### Records provided
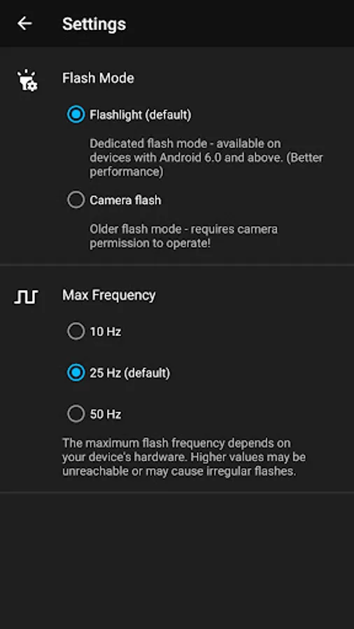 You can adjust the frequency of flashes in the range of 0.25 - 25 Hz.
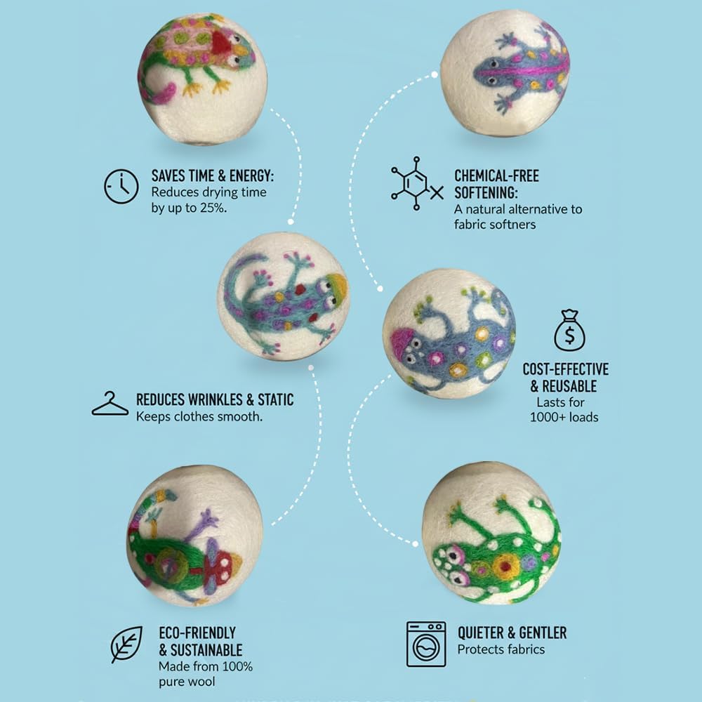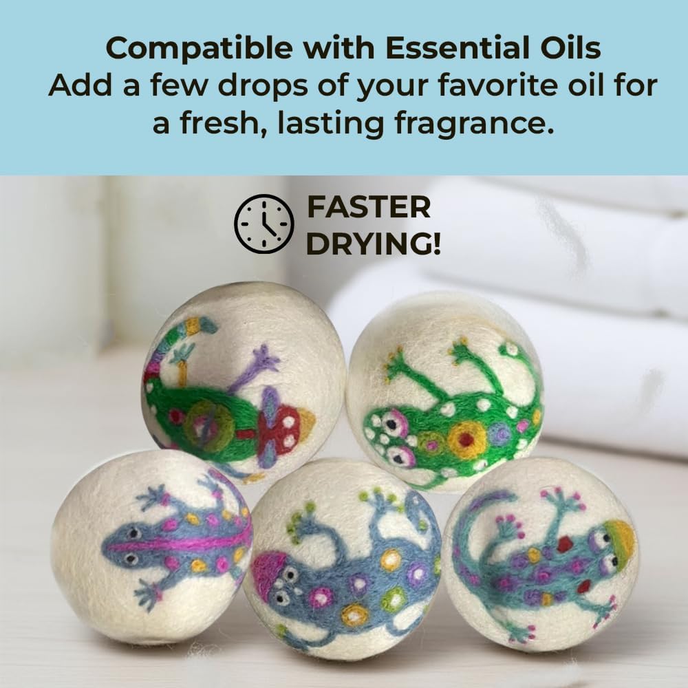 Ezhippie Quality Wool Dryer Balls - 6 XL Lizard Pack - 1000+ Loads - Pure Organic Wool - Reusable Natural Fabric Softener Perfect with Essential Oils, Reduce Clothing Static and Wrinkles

* * *

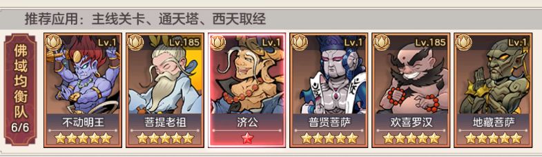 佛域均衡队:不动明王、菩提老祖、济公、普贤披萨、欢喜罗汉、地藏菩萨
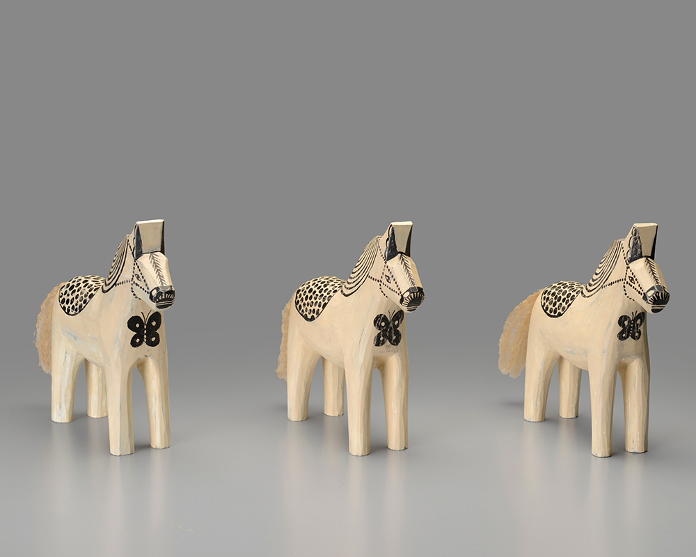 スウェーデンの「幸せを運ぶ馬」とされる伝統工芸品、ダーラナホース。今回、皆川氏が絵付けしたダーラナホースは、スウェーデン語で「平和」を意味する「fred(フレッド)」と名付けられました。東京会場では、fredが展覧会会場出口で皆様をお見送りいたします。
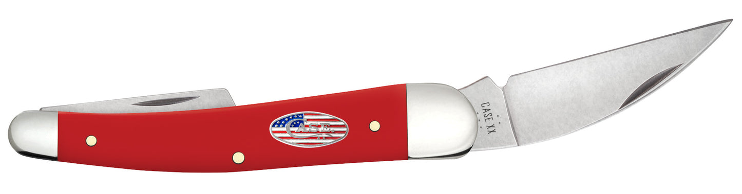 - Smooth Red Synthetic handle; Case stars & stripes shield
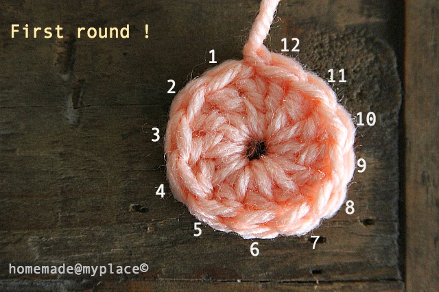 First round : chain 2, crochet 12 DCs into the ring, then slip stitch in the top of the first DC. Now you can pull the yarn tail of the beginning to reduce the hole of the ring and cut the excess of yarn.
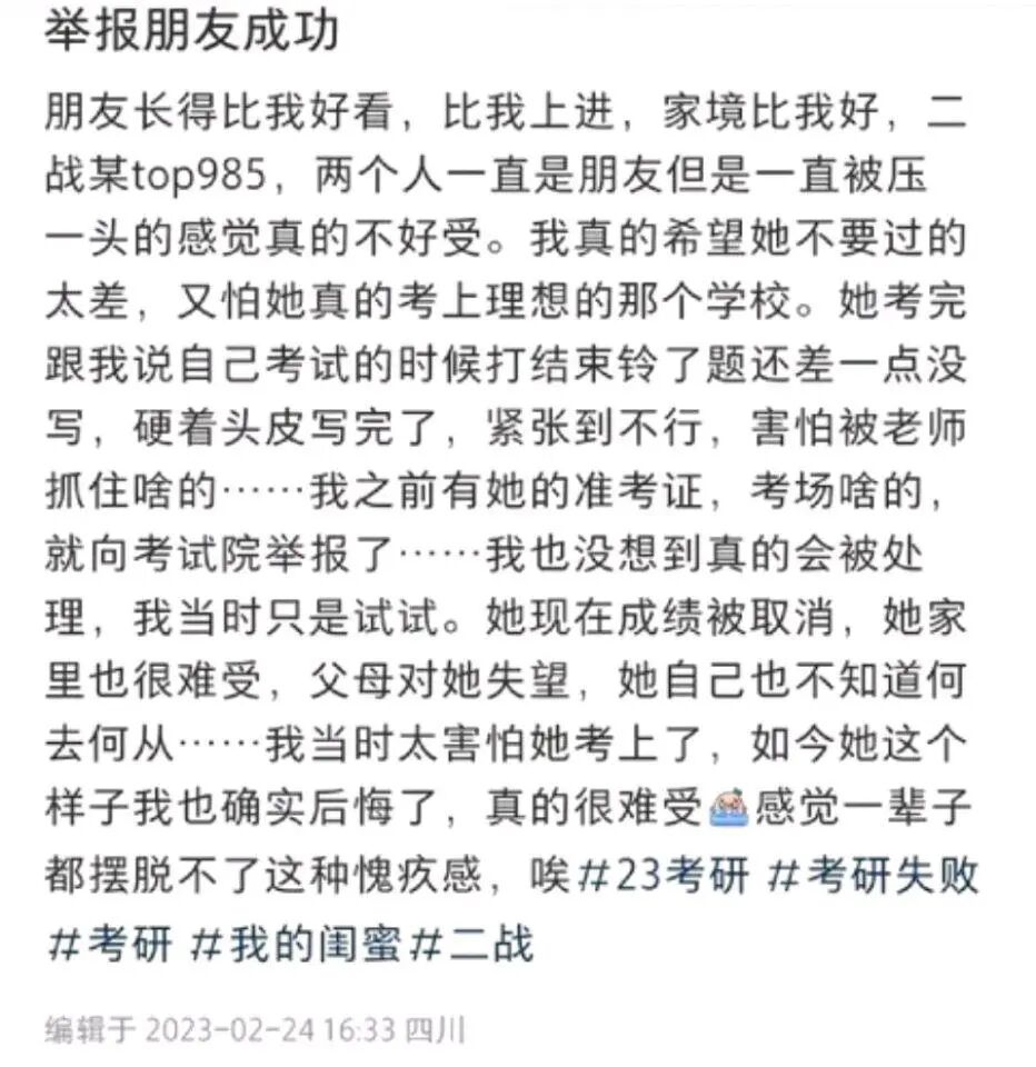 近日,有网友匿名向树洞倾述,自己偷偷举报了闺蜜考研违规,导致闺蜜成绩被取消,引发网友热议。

### About this task
Go down the entries above from the line containing "You can adjust" to the line containing "Ezhippie Quality Wool" and write out each line exactly, leaving pictures out.

### Answer below
 You can adjust the frequency of flashes in the range of 0.25 - 25 Hz.
 Ezhippie Quality Wool Dryer Balls - 6 XL Lizard Pack - 1000+ Loads - Pure Organic Wool - Reusable Natural Fabric Softener Perfect with Essential Oils, Reduce Clothing Static and Wrinkles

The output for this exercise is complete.